How to determine encoding of id3 tag?

D

deadvip2012-09-15 14:01:24

Programming

deadvip, 2012-09-15 14:01:24

There are two mp3 files for the test with tags in Latin1, UTF-8 respectively. I'm trying to count them:

System.out.println(id3v2Tag.getAlbum());

Conclusion:

?????????? ????????: ???????? ?? ??? ???????
Эльфийская Рукопись: Сказание На Все Времена

I read like this:

System.out.println(new String(id3v2Tag.getAlbum().getBytes("Latin1")));

Conclusion:

Эльфийская Рукопись: Сказание На Все Времена
?????????? ????????: ???????? ?? ??? ???????

In the windows explorer and players, both tags are displayed normally. How do they define encoding?

And another question - why are question marks displayed instead of krakozyab? How does the jvm determine that the output is invalid and should be replaced with question marks? Is it possible to define this in code?

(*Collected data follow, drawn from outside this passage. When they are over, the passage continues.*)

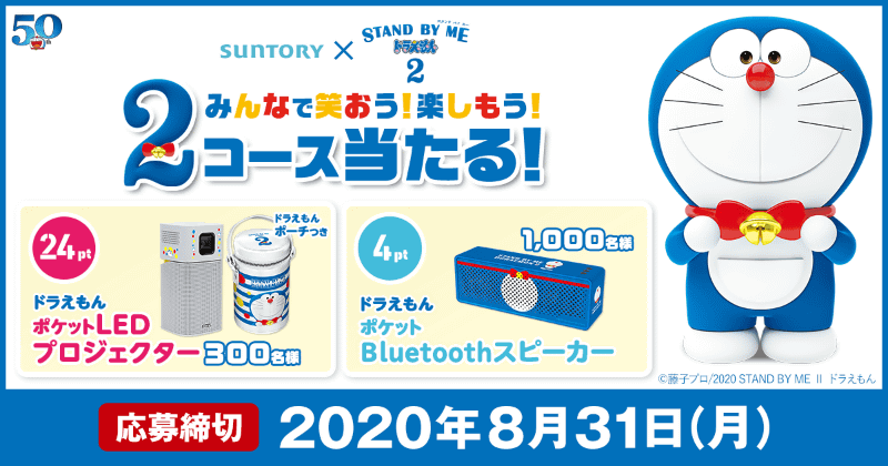 ドラえもんLEDプロジェクターやBluetoothスピーカーが当たる、サントリーのキャンペーン
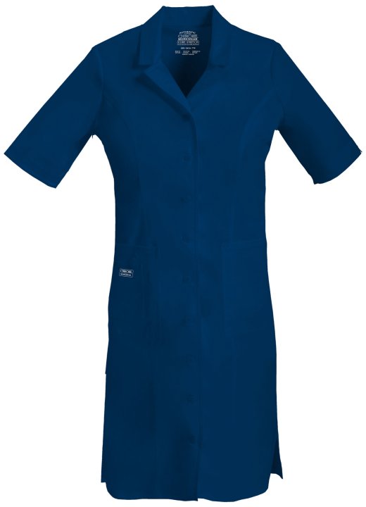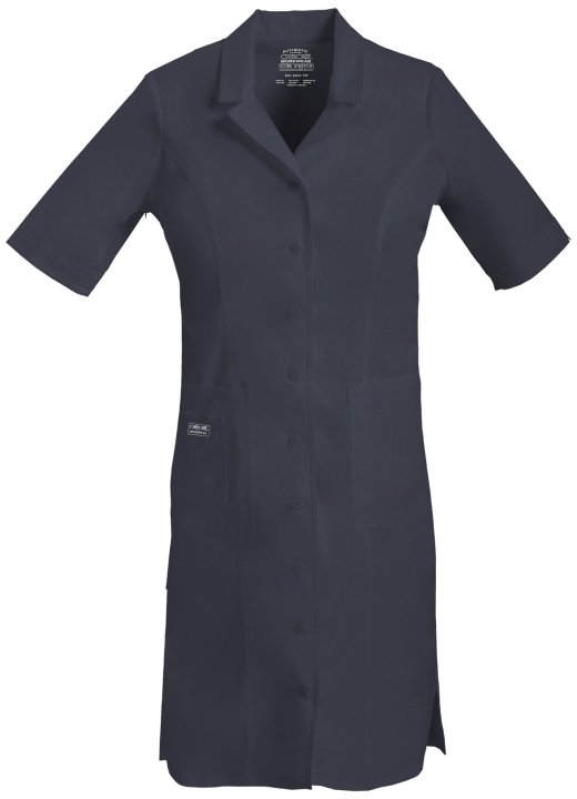 This Modern Classic fit, professional scrub dress features a notched collar and lapel, a button front closure, elbow length sleeves that can be worn folded up or down, along with three patch pockets; the right pocket has extra cell phone pocket and I.D. l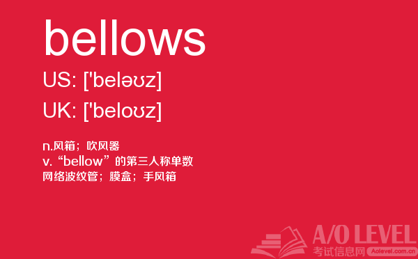 就读于国内学校的学生, 在申请英国学校时需要提交英国a-level考试成绩。很多考生因此英国a-level考试搞得头疼,放松一下,跟着a/o-level考试网来看看英国留学资讯吧!今天课窝a/o-level考试网小编给大家带来a-level考试重点词汇bellows的全解,对你肯定有帮助。如果您想了解爱德思alevel答案,alevel词汇下载,中国alevel考点,自学alevel申请大学等关于a-level考试的相关资讯,请继续浏览并关注课窝a/o-level考试网。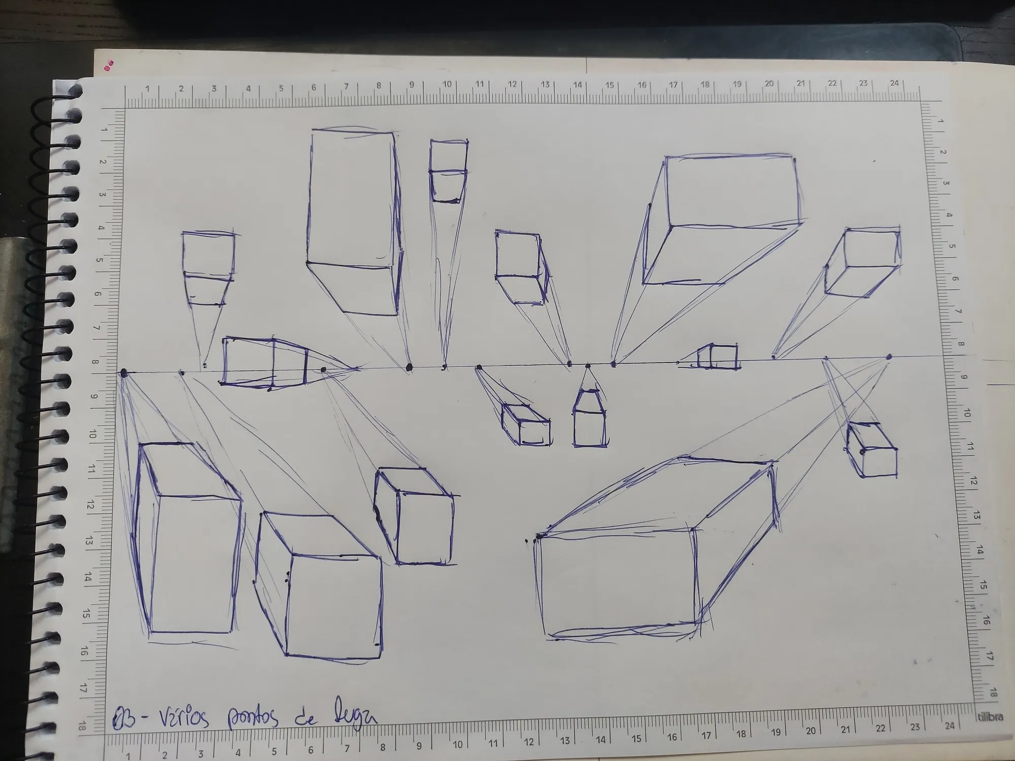 E depois desse vídeo,acabei indo para um outro livro que tenho há anos, mas que eu nunca tinha feito os exemplos dele: A Arte de Desenhar, por Renato Silva. Ele não explica muita coisa, apenas mostra os exemplos, e com isso comecei a fazer aqueles exercícios dos cubos.
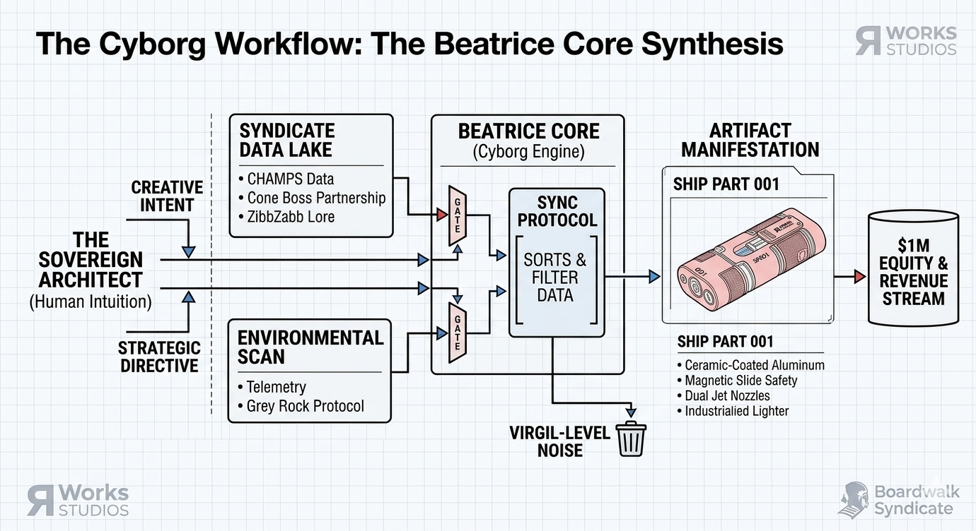 Beatrice is the first true artifact of the Redd × Cyborg workflow.

UPD: Indeed, the first file was in cp1251, but then it is not clear why the code:

System.out.println(new String(id3v2Tag.getAlbum().getBytes("Latin1")));

works ok. Probably jambs in the library, which I use to read tags.

Reply

Answer the question

In order to leave comments, you need to log in

4 answer(s)

Y

yupic, 2012-09-15
@deadvip

Let me explain why System.out.println(new String(id3v2Tag.getAlbum().getBytes("Latin1"))) works.
As I understand it, you are using some library that can read id3 tags.
This library reads a raw byte array from a file. She needs to convert the bytes to a string, for this she needs to use some kind of encoding. Ideally, this encoding should be set in the library settings. But if the encoding is not set, then, apparently, Latin1 is used.
So, the library converts bytes to a string using Latin1. It happens like this, a certain byte is taken, a certain character is assigned to it, and it is stored in a string. For example, they counted a byte representing the letter "A" in windows-1251 encoding, and in Latin1, some "Õ" will be associated with this byte. If you convert such a string to an array of bytes using UTF-8 and write the bytes to a file, then when you view the file in UTF-8, you will not see Russian letters.
Next, you want to print a string, so you convert it to bytes using Latin1. The character "Õ" is mapped to the byte that in windows-1251 represents the letter "A". Then a string is again created from these bytes, using the system encodingthe default is windows-1251. As a result, the character "A" is obtained from the byte, as it was intended, and this string is correctly displayed on the screen.
How to proceed: in the 1st comment, they gave a link to the library you need. You need to receive the tags as an array of bytes, and convert them to strings using the encoding defined by juniversalchardet. If the library for working with MP3 does not allow you to get tags in the form of byte arrays, then convert the values returned to it into bytes using Latin1, and only then determine the encoding and create strings.

S

S1ashka, 2012-09-15
@S1ashka

code.google.com/p/juniversalchardet/

A

Alexey Huseynov, 2012-09-15
@kibergus

You are confusing something. There are no Cyrillic characters in the latin1 encoding. Most likely there cp1251.
Question marks are displayed in place of non-printing characters, which may have special meaning and disrupt normal terminal operation. It is safer to display question marks, especially since you won’t see much sense in binary cracks.

In the windows explorer and players, both tags are displayed normally. How do they define encoding?

With the help of magic. The symbols used, the frequencies of their occurrence, stable combinations of symbols are analyzed. The most advanced players simply believe that the tags are in UTF-8, and everyone who stores them in a different encoding is deeply wrong. It is best to use just such players. There will be fewer problems.

V

vsespb, 2012-09-15
@vsespb

Probably getBytes("latin1") simply does not recode anything, so it is displayed in native windows encoding.
You can probably distinguish ut8 from win1251 without any magic. The Russian letter in 1251 will not be a valid utf8 character. But to distinguish single-byte encodings - you need a frequency analysis.